ABOUT THIS EXERCISE: In the material below, begin at the line that has "主要产品包括风电偏航减速器、", stop after the line that has "Затем раскатать сначала", and transcribe those lines exactly, without pictures.

--- RAW DATA Enclosed Below ---

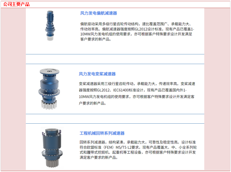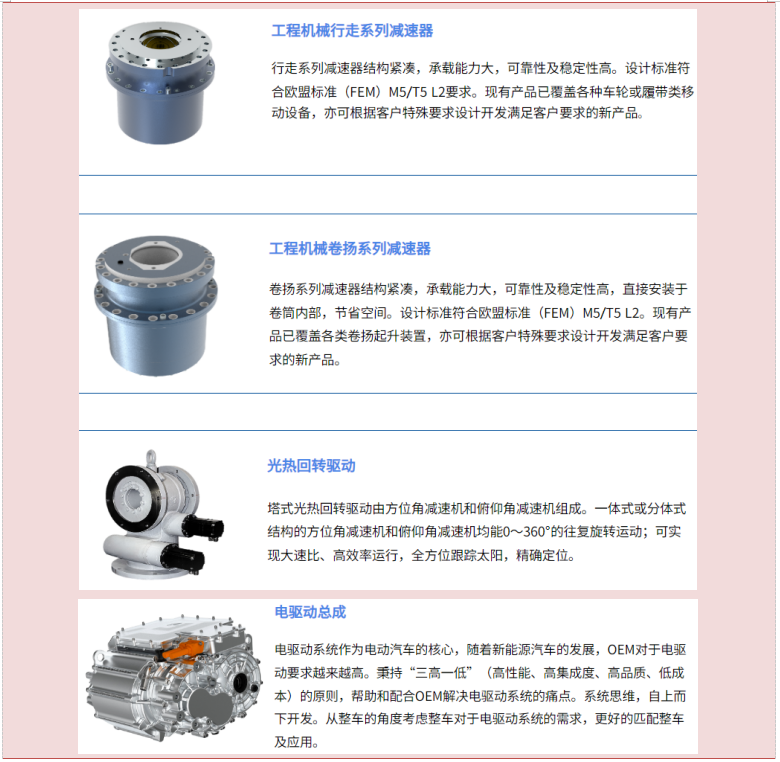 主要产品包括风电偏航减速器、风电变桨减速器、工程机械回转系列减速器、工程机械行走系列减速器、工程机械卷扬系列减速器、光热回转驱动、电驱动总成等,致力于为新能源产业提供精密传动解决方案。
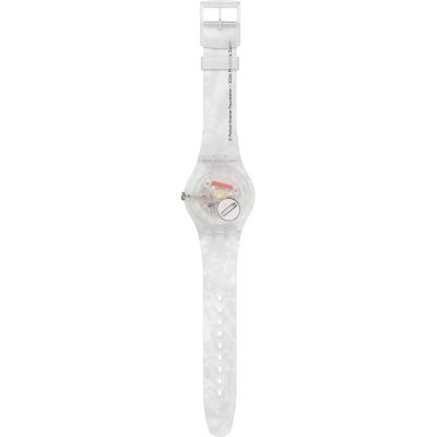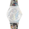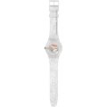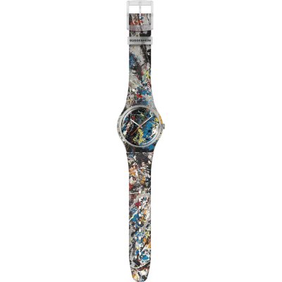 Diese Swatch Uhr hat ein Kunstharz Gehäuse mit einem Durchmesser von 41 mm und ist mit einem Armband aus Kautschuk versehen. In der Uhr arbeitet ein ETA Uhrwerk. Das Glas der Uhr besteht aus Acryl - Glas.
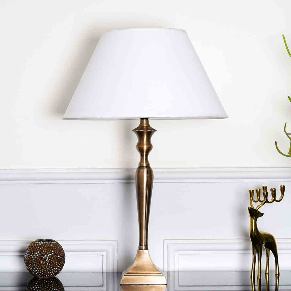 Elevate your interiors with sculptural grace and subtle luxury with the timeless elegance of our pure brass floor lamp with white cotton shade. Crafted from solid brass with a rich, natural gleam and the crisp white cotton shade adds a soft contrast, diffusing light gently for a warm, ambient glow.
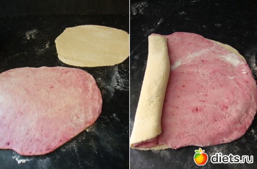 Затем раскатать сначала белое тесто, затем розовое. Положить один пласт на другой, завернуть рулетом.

--- End of Enclosed RAW DATA ---
--- RAW DATA Enclosed Below ---

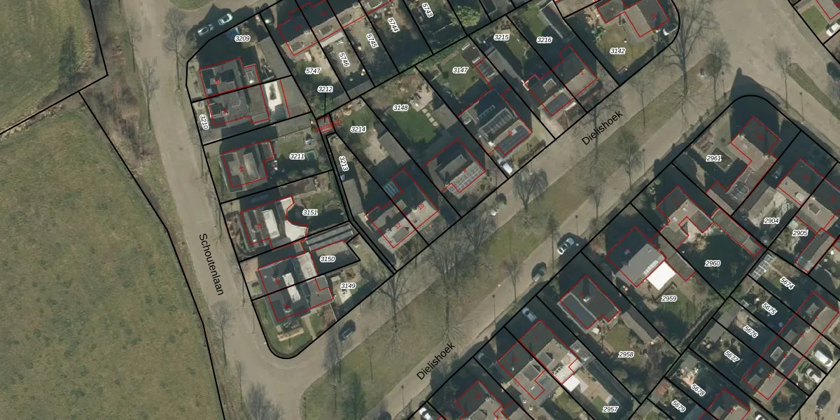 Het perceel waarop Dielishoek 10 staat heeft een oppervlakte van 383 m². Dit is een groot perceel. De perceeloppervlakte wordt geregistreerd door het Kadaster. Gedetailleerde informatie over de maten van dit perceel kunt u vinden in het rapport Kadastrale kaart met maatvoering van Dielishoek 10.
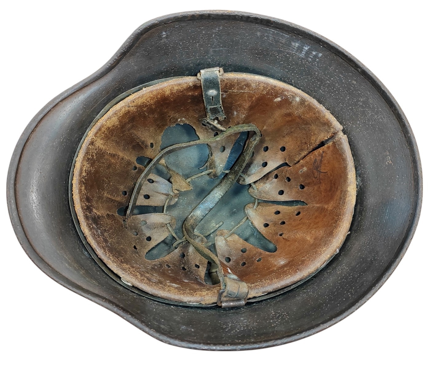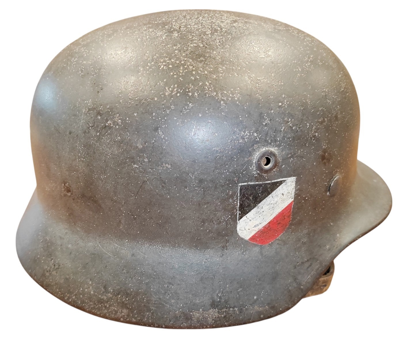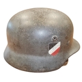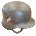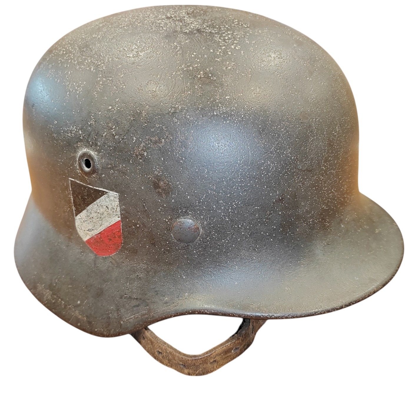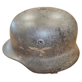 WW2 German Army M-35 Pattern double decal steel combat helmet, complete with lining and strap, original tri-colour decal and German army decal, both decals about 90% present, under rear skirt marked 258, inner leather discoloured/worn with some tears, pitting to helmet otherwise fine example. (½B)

--- End of Enclosed RAW DATA ---

OUTPUT OF THE TASK:
 主要产品包括风电偏航减速器、风电变桨减速器、工程机械回转系列减速器、工程机械行走系列减速器、工程机械卷扬系列减速器、光热回转驱动、电驱动总成等,致力于为新能源产业提供精密传动解决方案。
 Diese Swatch Uhr hat ein Kunstharz Gehäuse mit einem Durchmesser von 41 mm und ist mit einem Armband aus Kautschuk versehen. In der Uhr arbeitet ein ETA Uhrwerk. Das Glas der Uhr besteht aus Acryl - Glas.
 Elevate your interiors with sculptural grace and subtle luxury with the timeless elegance of our pure brass floor lamp with white cotton shade. Crafted from solid brass with a rich, natural gleam and the crisp white cotton shade adds a soft contrast, diffusing light gently for a warm, ambient glow.
 Затем раскатать сначала белое тесто, затем розовое. Положить один пласт на другой, завернуть рулетом.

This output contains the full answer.